— Но это очень, очень важно! — Человечек нервно ковырял в остатках зубов. — Если господин барон узнает, что вы меня выгнали, он вам всыплет!
Платтингер смерил его недовольным взглядом и скривился.
— Ну, уж если так важно, так я ужо отведу вас к доктору, господину Айбелю, это баронов секретарь.
И, приписав откровенный испуг человечка собственной значительности, он погнал визитера во дворец к Симону.
Странный посетитель остановился в дверях и глядел то на Симона, то на Пепи, любопытно вытаращившего глаза.
— Оставьте нас, Пепи, — произнес Симон, и Пепи послушно удалился. — Итак, что вам угодно?
Человечек потер грязные руки и перевел дух.
— Итак, что же гнетет вас, г-н..? — переспросил Симон и придвинул человечку стул.

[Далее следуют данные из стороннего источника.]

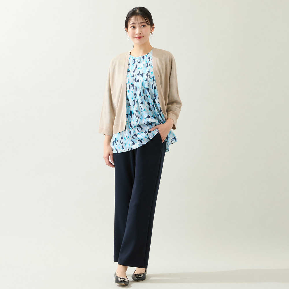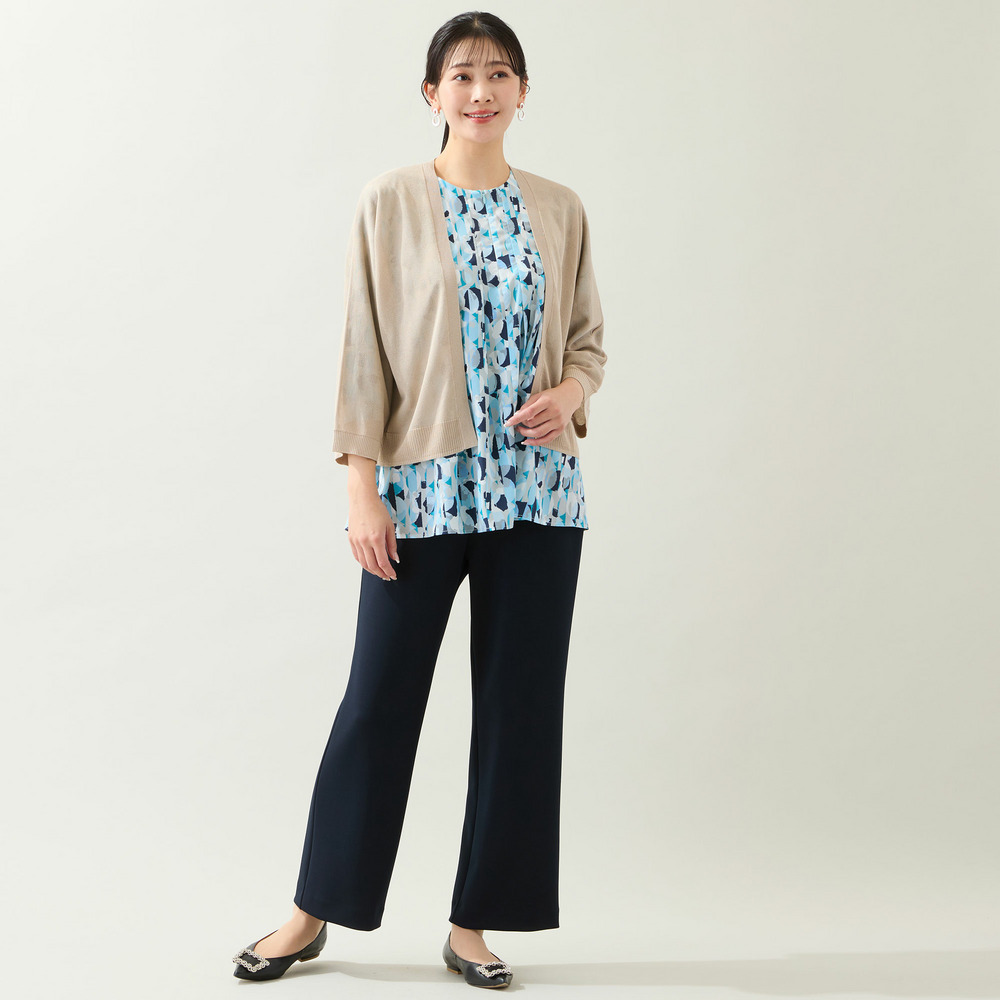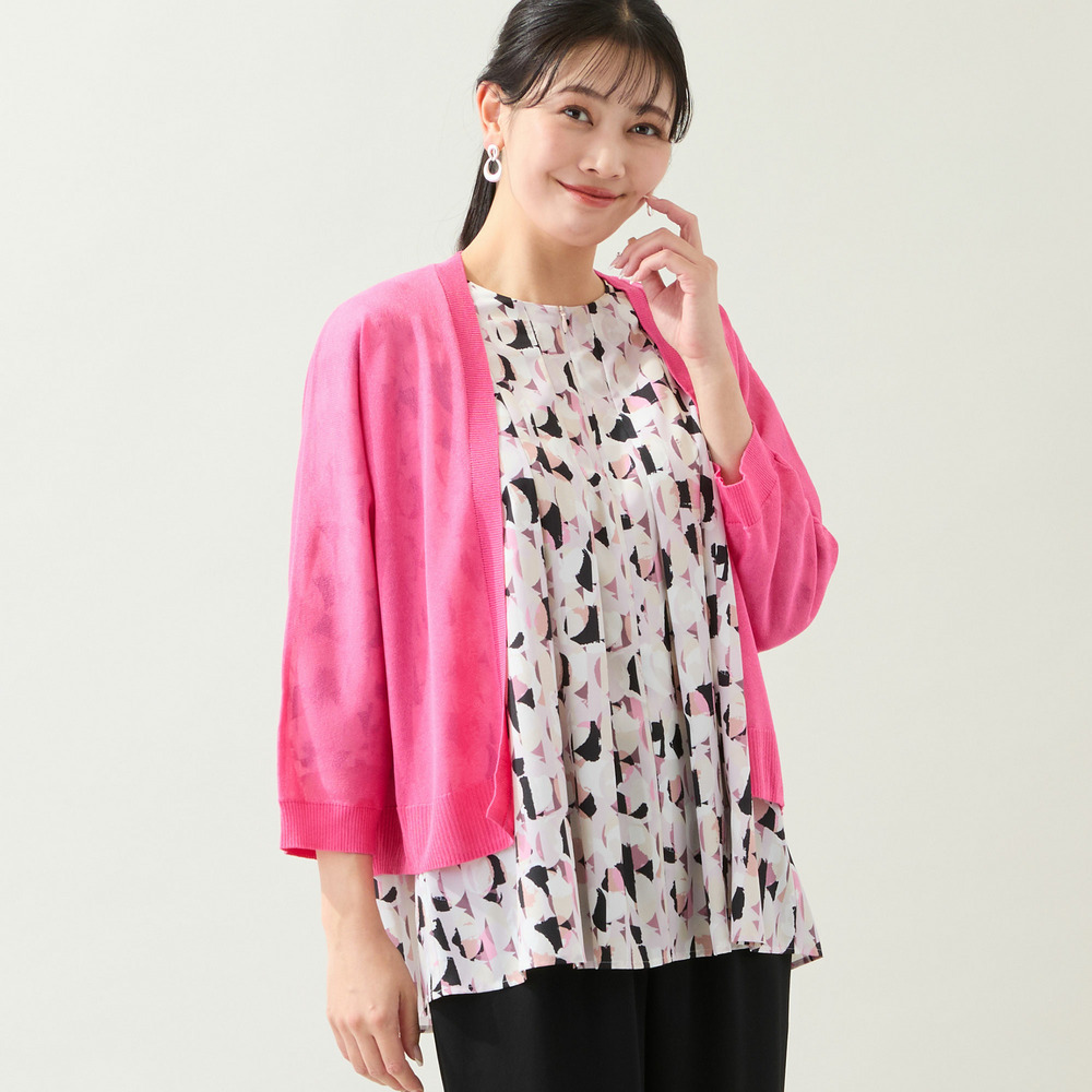 柄と同系色のカーディガンを合わせれば、より華やかに着ていただけます。

Тот сел, зажав руки между острых коленок.
— Как меня звать, вас вообще не касается. Я уже сказал этому вот типу в саду, что мне непременно нужно переговорить с г-ном бароном.
— Я его личный секретарь. Если то, что вы намереваетесь ему сообщить, действительно настолько важно, я уверен, что барон не будет иметь ничего против…
— И речи быть не может! Когда барон вернется?
— Мы полагаем, что еще нынче вечером. Не угодно ли подождать?
Человечек не ответил, но обосновался на стуле с явно недвусмысленными намерениями. Он сунул руки в карманы и уставился сквозь Симона на трубу помадно-гуталинной фабрики. Симон кликнул Пепи.
Примерно через час раздался мелодичный звук клаксона баронской «испано-сюизы» — первые такты «Охотничьей песенки» Люлли{30}. Заскрипели ворота, прошуршали по гравию колеса, и сто одна лошадиная сила, примчавшая барона из Нижней Баварии, с удовлетворенным фырканьем замерла. Пепи поспешил вниз, чтобы помочь барону выйти из авто и внести багаж.
Симон встречал барона в большом зале. Барон не снял еще автомобильных очков и шлема с наушниками. Пепи успел доложить о посетителе, подозрительном типе, желавшем что-то сообщить ему, и притом только лично.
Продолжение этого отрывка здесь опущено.